Mit unserem vertragsärztlichen EBM (Einheitlicher Bewertungsmaßstab) bekommen wir als Verwaltungskomplex nach GOP 01430 nur 12 Punkte im Quartal. Das sind 1,25 Euro für 3 Monate und 0,42 € pro Monat.

Für 1 Jahr fordert die GKV-Kasse für reine Verwaltung ohne Medizin 120 € plus 8% mit verwalteter Medizin!
Wir Vertragsärzte bekommen als medizinische Verwaltungspauschale stattdessen nur 5 €/Jahr!
http://www.aerztezeitung.de/praxis_wirtschaft/aerztliche_verguetung/abrechnungstipps/article/902331/abrechnungstipp-tuecken-verwaltungspauschale.html

So sieht''s aus!

Mf+kG, Dr. med. Thomas G. Schätzler, FAfAM Dortmund

Waldemar Gutknecht 02.08.201607:48 Uhr

Flüchtlinge sind keine Belastung für die Kassen

GKV-Chefin ist gerade die richtige die Ahnung über Belastungen hat, man sollte die Patienten fragen ob es tatsächlich so stimmt.
Zeuys

Wolfgang P. Bayerl 01.08.201613:40 Uhr

vermutlich bringen die alle Geld aus dem Ausland mit,

wenn Sie zum Arzt gehen, ins Hotel, oder einkaufen.

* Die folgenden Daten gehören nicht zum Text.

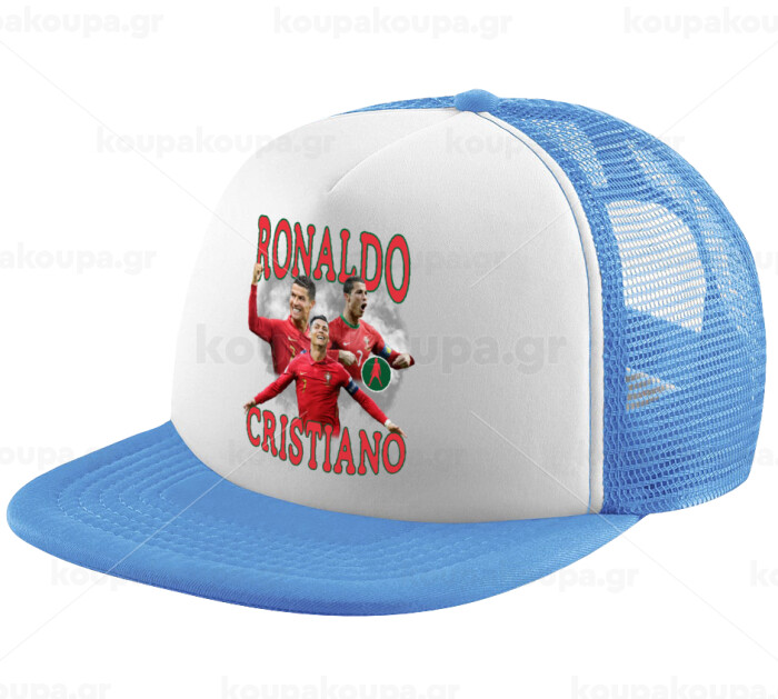 Κριστιάνο Ρονάλντο, Καπέλο παιδικό Soft Trucker με Δίχτυ ΓΑΛΑΖΙΟ/ΛΕΥΚΟ (POLYESTER, ΠΑΙΔΙΚΟ, ONE SIZE)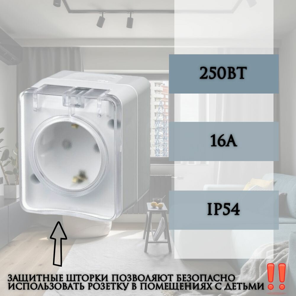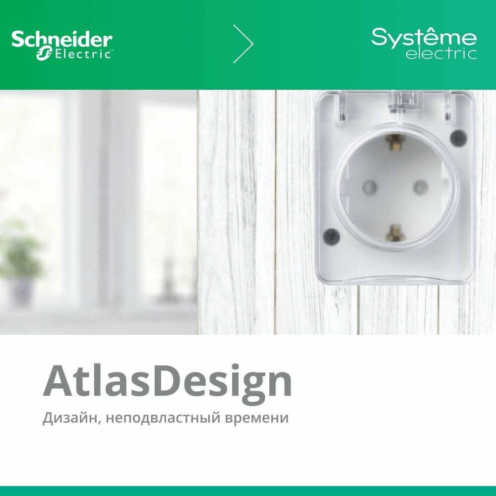 Розетка SYSTEME ELECTRIC (SCHNEIDER ELECTRIC) SCHNEIDER ELECTRIC AtlasDesign PROFI IP54 O/У с заземлением, со шторками, 16А, 250B, Белый, ATN540145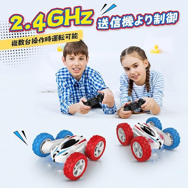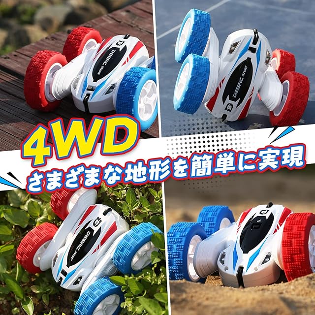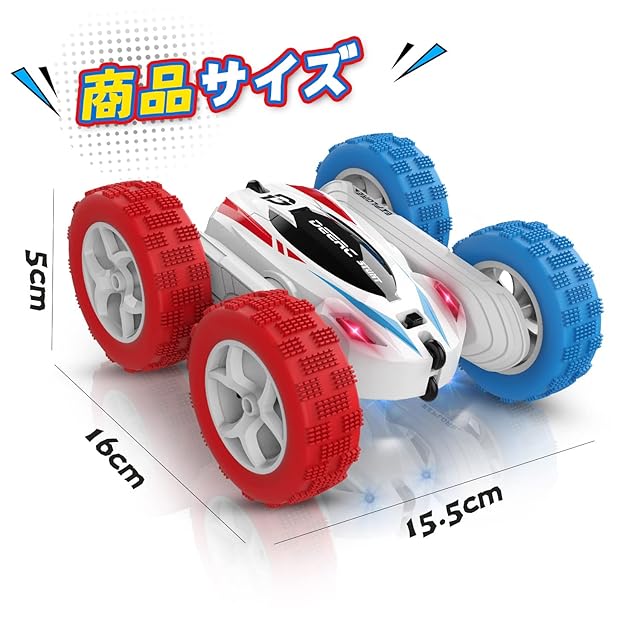 DEERC ラジコンカー こども向け スタントカー RCカー リモコンカー 室内 360度回転 両面走行 四輪駆動 オフロード 車おもちゃ バッテリー2個付き 40分間走れ 2.4Ghz無線操作 贈り物 誕生日 入園 こどもの日 プレゼント 子供 男の子 小学生 中学生 日本国内認証済み DE35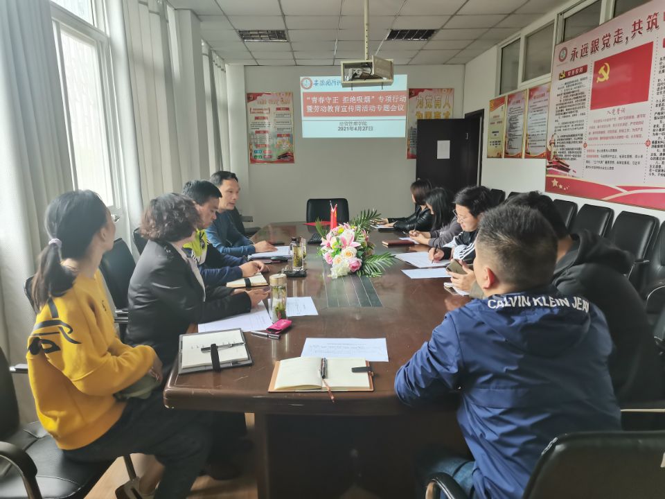 为进一步加强学校大学生思想政治教育工作,促进学生全面发展,提高学校人才培养质量。根据学校工作部署,4月27日下午,经贸管理学院召开了“青春守正 拒绝吸烟”专项行动暨劳动教育宣传周专题会议,党总支书记杜先扬及全体辅导员、班主任参加,会议由副书记刘峰主持。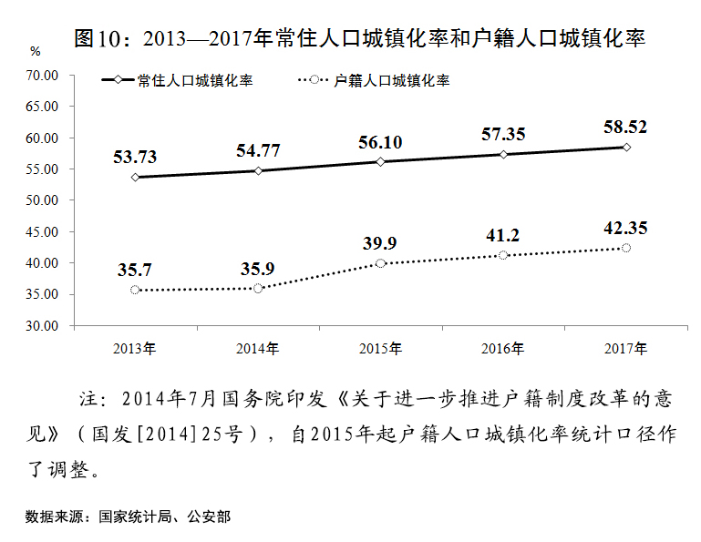 五是以人為核心的新型城鎮(zhèn)化建設(shè)扎實(shí)推進(jìn)。農(nóng)業(yè)轉(zhuǎn)移人口市民化有序推進(jìn),戶籍制度改革和居住證制度落地實(shí)施。全國常住人口城鎮(zhèn)化率達(dá)到58.52%,戶籍人口城鎮(zhèn)化率達(dá)到42.35%,均比上年增加1個百分點(diǎn)左右。城鎮(zhèn)化空間格局持續(xù)優(yōu)化,長三角、長江中游、成渝、哈長、中原、北部灣等城市群規(guī)劃加快實(shí)施,關(guān)中平原、呼包鄂榆等跨省區(qū)城市群規(guī)劃編制完成。以市場化方式規(guī)范推進(jìn)特色小鎮(zhèn)和小城鎮(zhèn)建設(shè)。新型城鎮(zhèn)化綜合試點(diǎn)取得積極進(jìn)展。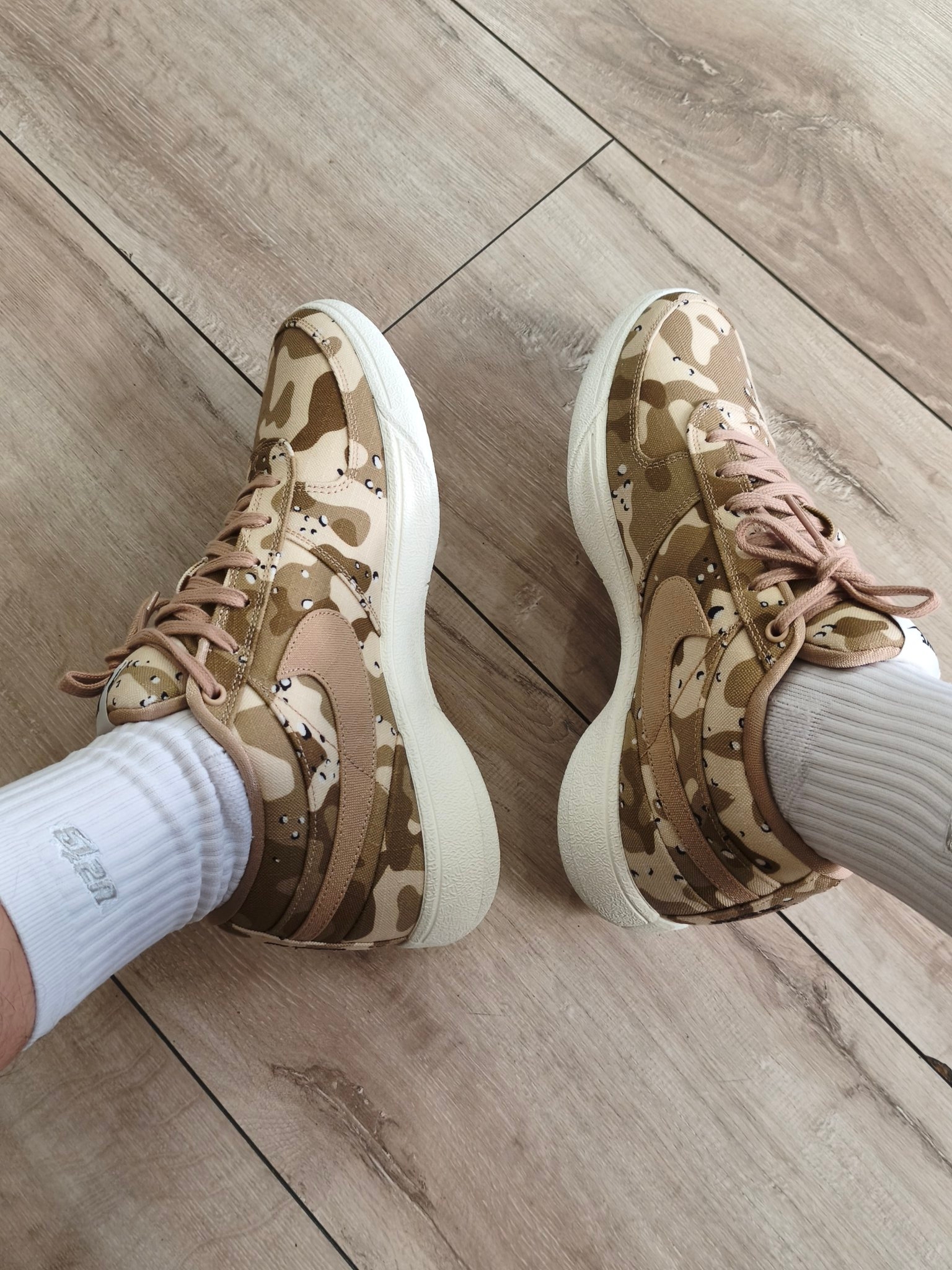 #此人鞋商极高 布克一代的这个沙漠迷彩配色,官方都降到360了,之前四五百的时候扭扭捏捏,降到这个价真的是毫不犹豫了。刚出的爱德华兹二代和hellstar联名貌似国内还没发售,代购价是将近3600,配色类似,都是球星款,你怎么选?[耍帅_blue][耍帅_blue][耍帅_blue] 布克一代要注意鞋码偏小,平时我都是41码,这个必须要选42,而且对高脚背也不友好。入手要注意哦。[机智_blue...

Robert Künzel 01.08.201611:31 Uhr

Ich empfehle die folgende Lektüre:

http://www.faz.net/aktuell/wirtschaft/wirtschaftspolitik/asylbewerber-kosten-bis-zu-10-milliarden-euro-13758770.html

Dem ist wohl nichts mehr hinzuzufügen. Da hilft alles Schönreden nichts.
Wer diesen Betrag wie aufbringen wird, das ist eine andere Diskussion. An der reinen Tatsache dieser gigantischen Belastungen kann doch niemand vernünftige Zweifel anmelden.

Carsten Windt 01.08.201607:25 Uhr

Wann fängt eine Belastung an? Oder wer rechnen kann, ist klar im Vorteil

Selten schafft ein Kassenvertreter eigene Aussagen in einem Interview mehrfach zu widerlegen.

Ein Flüchtling ist keine Belastung.... Aber: Für einen Flüchtling bekommt die Kasse 90€, der tatsächliche Aufwand beträgt aber 136€. Oder anders ausgedrückt die Kosten der Flüchtlinge werden tatsächlich nur zu 66% durch den Fiskus übernommen, den Rest dürfen/müssen die Versicherten der Kasse aufbringen. Das sind mehr als 2 Monatsbeiträge des Durchschnittsbedarfs eines GKV-Versicherten im Jahr.

...und eine richtige Belastung wird ein Flüchtling, wenn er ALG-2 bezieht. ???